Conclusions: Angiographic deterioration occurred in approximately half of the patients with CLTI who underwent IM angioplasty and reintervention.

查看原文
分享 分享
微信好友 朋友圈 QQ好友 复制链接
本刊更多论文
需要再次介入治疗的慢性肢体缺血患者接受无瓣膜血管成形术后血管造影恶化的发生率及其对疗效的影响
背景:对慢性肢体缺血(CLTI)患者进行踝下血管成形术的临床影响仍存在争议:这项单中心回顾性研究纳入了168例因IM病变接受血管成形术的CLTI和组织缺失患者。在2010年4月至2020年12月期间再次介入时进行了血管造影随访。研究结果的衡量标准是再介入时血管造影恶化的发生率,其特征为严重再狭窄或轻度狭窄病变闭塞、严重狭窄病变闭塞或闭塞长度延长。47.7%的患者出现血管造影恶化,其中大部分是由于严重狭窄病变闭塞所致。多变量分析显示,初次血管成形术的远端参考血管直径≤1.0 mm(危险比 1.91 [95% 置信区间 1.20-3.04];P=0.006)与再次介入时 IM 病变的血管造影恶化显著相关:结论:在接受IM血管成形术和再介入治疗的CLTI患者中,约半数患者的血管造影出现恶化。
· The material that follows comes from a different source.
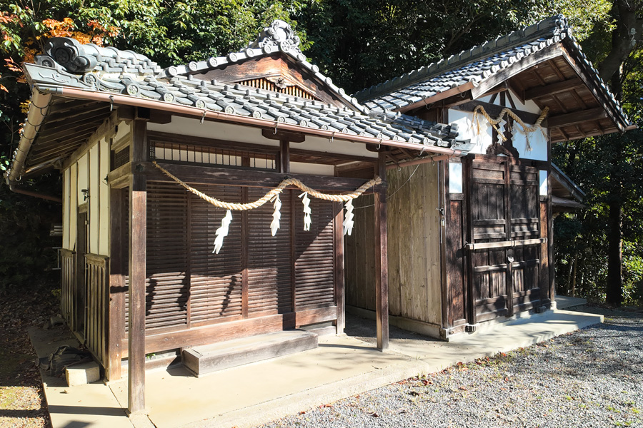 大津市坂本の町を走った際に偶然見つけた神社。野球のグラウンドの道挟んで反対側に鳥居が立つ。

本文章由计算机程序翻译,如有差异,请以英文原文为准。
求助全文
约1分钟内获得全文 去求助
来源期刊
自引率
0.00%
发文量
0
期刊最新文献
Artificial Intelligence (AI)-Driven Frailty Prediction Using Electronic Health Records in Hospitalized Patients With Cardiovascular Disease. Outcomes of Older Patients With Cardiogenic Shock Using the Impella Device - Insights From the Japanese Registry for Percutaneous Ventricular Assist Device (J-PVAD). Bioprosthetic Valve Positions in Patients With Atrial Fibrillation - Insights From the BPV-AF Registry. Incidence of Angiographic Deterioration Following Inframalleolar Angioplasty and Its Impact on Outcomes in Patients With Chronic Limb-Threatening Ischemia Requiring Repeat Intervention. Phase III Cardiac Rehabilitation: Ambulatory Heart Groups - A Model From Germany.
×
引用
GB/T 7714-2015
复制
MLA
复制
APA
复制
导出至
BibTeX EndNote RefMan NoteFirst NoteExpress
×
×
提示
您的信息不完整,为了账户安全,请先补充。
现在去补充
×
提示
您因"违规操作"
具体请查看互助需知
我知道了
×
提示
现在去查看 取消
×
提示
确定
0
微信
客服QQ
Book学术公众号 扫码关注我们
反馈
×
意见反馈
请填写您的意见或建议
请填写您的手机或邮箱
已复制链接
已复制链接
快去分享给好友吧!
我知道了
×
扫码分享
扫码分享
Book学术官方微信
Book学术文献互助
Book学术文献互助群
群 号:481959085
Book学术
文献互助 智能选刊 最新文献 互助须知 联系我们:info@booksci.cn
Book学术提供免费学术资源搜索服务,方便国内外学者检索中英文文献。致力于提供最便捷和优质的服务体验。